# Best Inshore flies



## NoMoSurf (Oct 2, 2007)

I have picked up fly fishing and tying this past summer but have not done any in the salt. I am going on a trip to the Daytona area in April, and Key West in June, as well as several trips to the Pensacola, Gulf Shores area through out the year. What patterns seem to work best for you guys, and in what situations? I am selling my boat, so I will be stuck with shore fishing until I can get a yak later in the summer. Any tips? Thanks.


----------



## dedwa15 (Feb 29, 2008)

One fly will do it all (or most, see below)--chartreuse and white clouser minnow. I like to add a little krystal flash or flashabou to the sides Size 2 is fine, but see what you dont mind casting. I use an 8 wt from the surf with an intermediate sink fly line (the SA Bonefish taper). It has a heavy tip section to help turn over the heavier flies and is relatively stiff, which I like to help it shoot through the guides. Regular freshwater lines tend to be too pliable in warmer water. From the surf you will catch mostly ladyfish, but I've caught bluefish and jacks too. The trick is that you cannot move the fly too fast. Sometimes I've had to stick the rod under my arm and go hand over hand with it. give it a count of 5 or so, and haul ass with is. The biggest pain is line management. I bought a stripping basket, but find it cumbersome to use, and when i am stripping fast, its hard to get it to go in the right place, so I generally just do my best without it. You might find differently. 

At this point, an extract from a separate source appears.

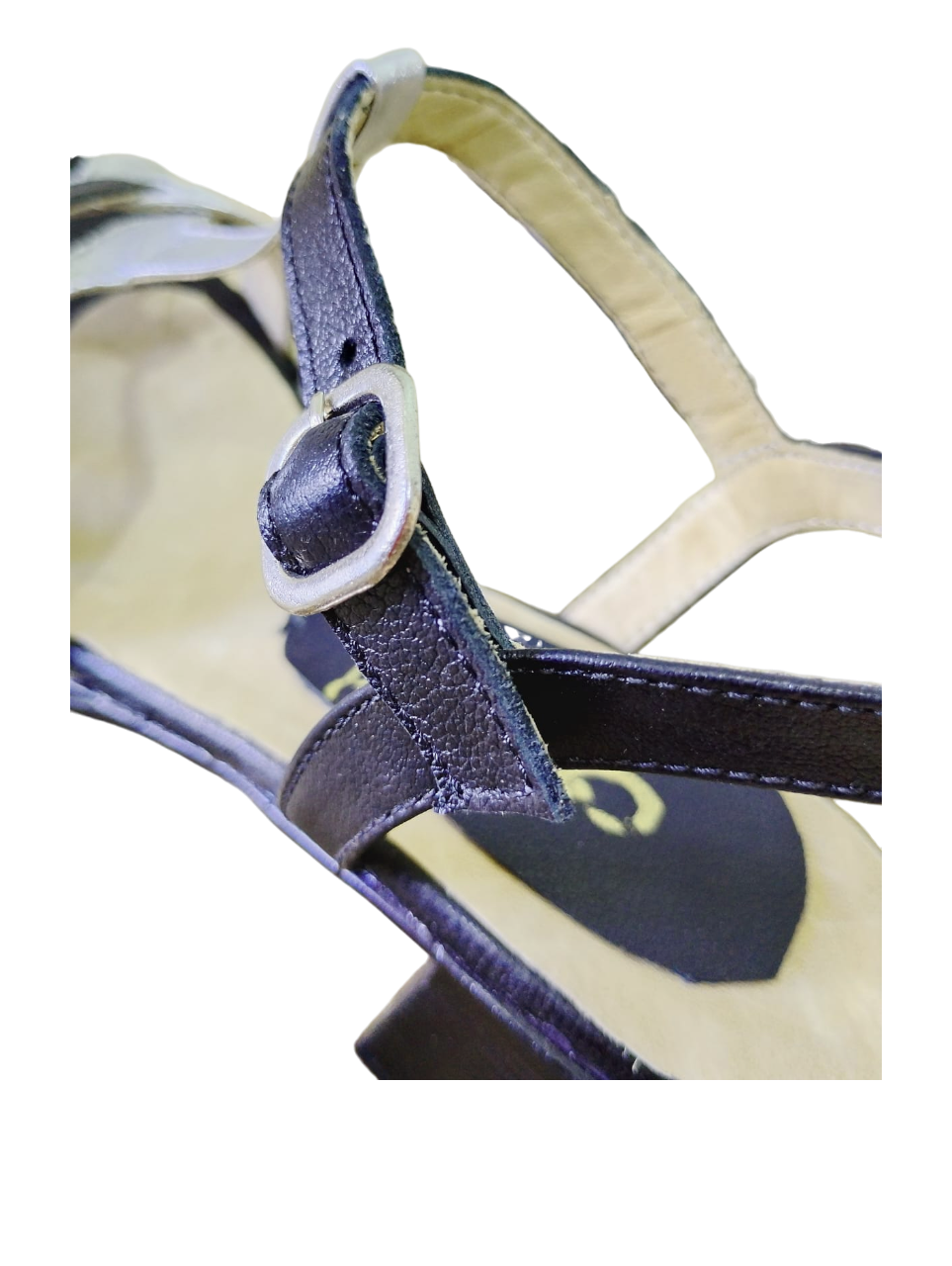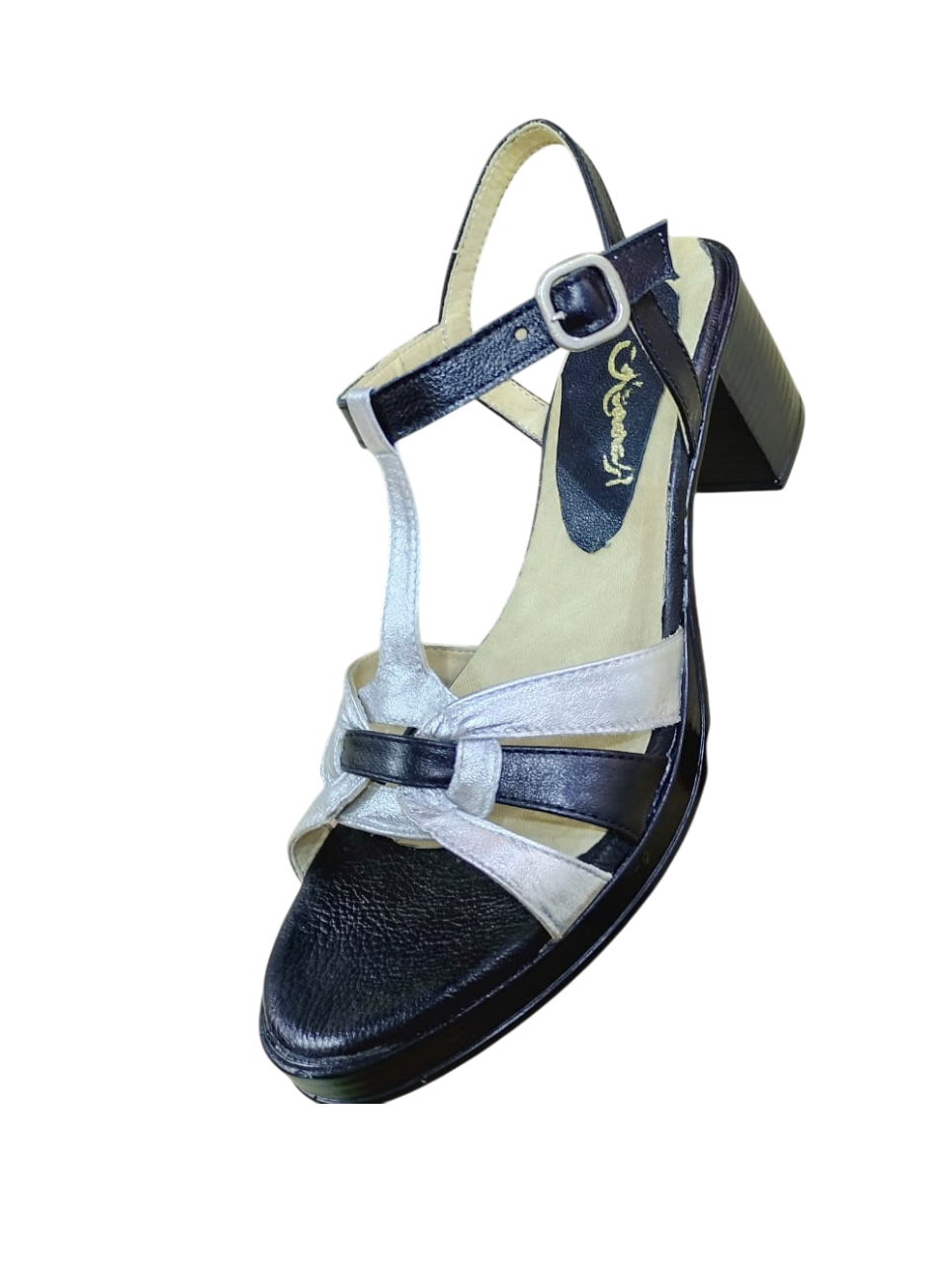 Confeccionada íntegramente en cuero genuino, su combinación de negro con detalles plateados aporta luz y sofisticación, logrando que el pie se vea prolijo, femenino y estilizado.
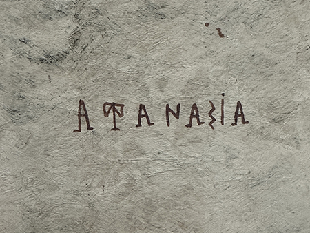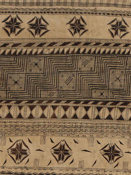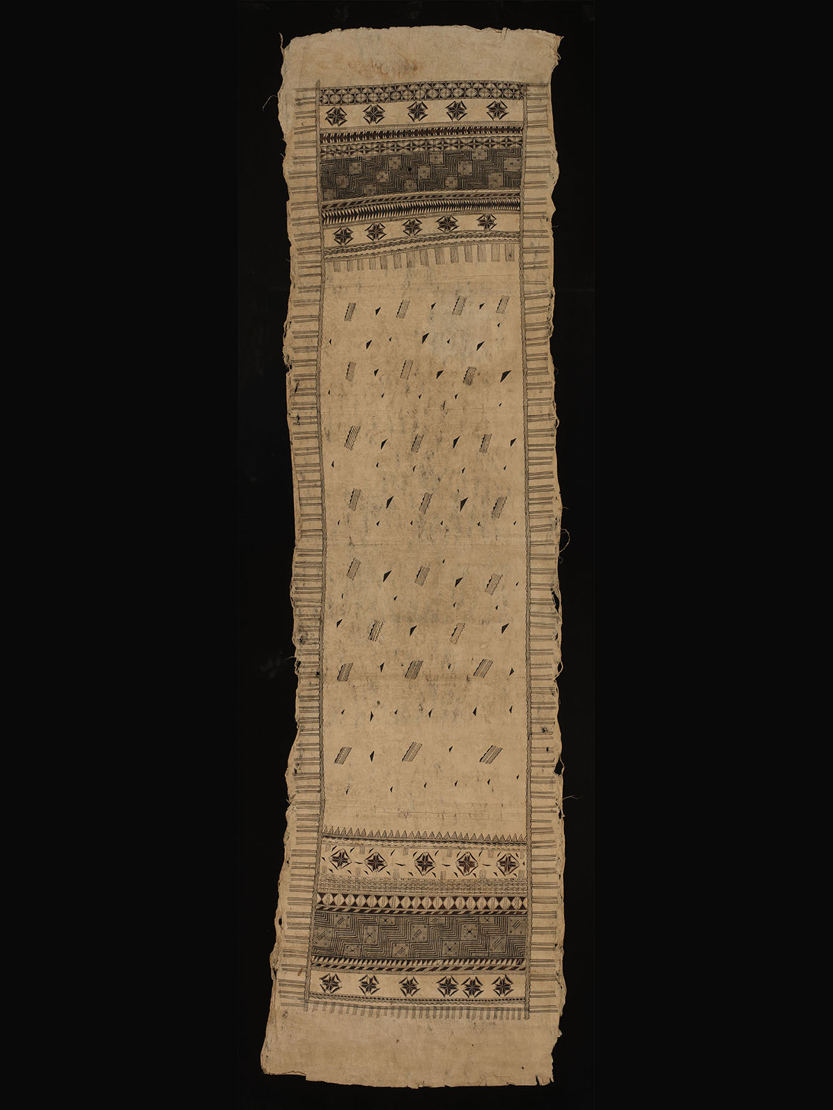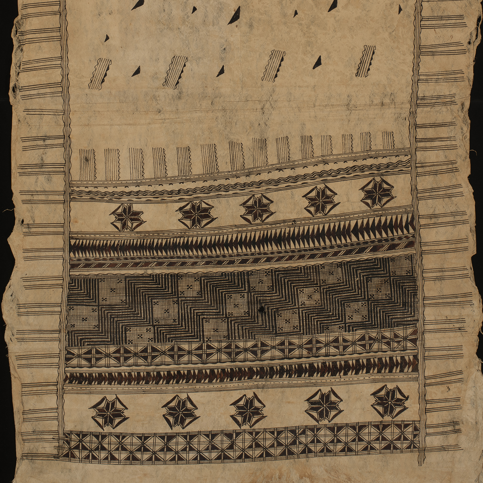 The tapa is signed Atanasia, presumably by the artist, on the reverse in a script similar to Greek (see photo). The tapa is in very good condition, with only one small hole.

I have not tried the grass flats, but there is no reason you shouldn't be able to catch a load of trout on a clouser as well. In shallower water, try a deceiver. 



The only problem with these two flies is that they are relatively fragile. My new favorites are surf candy patterns (Bob Popovics has a great book. It leans more towards fishing the east coast, as most do, but has some awesome patterns and tips) They are more time consuming to tie (the clouser is the easiest on the face of the earth), but will last practically forever. Any color will work, as long as it is chartreuse and has a lot of flash.



Other recomendations just for the hell of it:

Crazy charlie

Fleeing crab

Bob Popvic's shrimp pattern 

Sea-Ducer



my $.02.



Daniel


----------



## NoMoSurf (Oct 2, 2007)

I've fished the clousers here in freshwater but have had NO luck with them. Like I said, I have just started tying, and have been wearing my fingers to the bone tying crazy charlies/gotchas.For salt, I throwa 9wt with a Rio Saltwater line. I have never been able to shoot line on my 5wt, but that saltwater line realy flies! I'll be fishing with a friend in Little Lagoon in a couple of weeks, and I dont know what to expect there. I have never been. I just want to be prepared when I get there.


----------



## Dragnfly (Jan 25, 2008)

I agree the white/chartruse is a very good color. I have found red/white to be very good also. you really need both.Clousers in fresh need to be fished s l o w most of the time, but above all top water is the bomb in fresh. Salt, you cant fish it too fast. Try a litlle red flash in both patterns. Try weighted and weight less patterns. I have found I cant get a fly moving fast enough for a JC. I am going to try that two handed retreve. I have caught largemouth, chain pickrel,bream, crappie,strippers, specks, reds, lady fish and spanish on a fly.Good luck!!!!


----------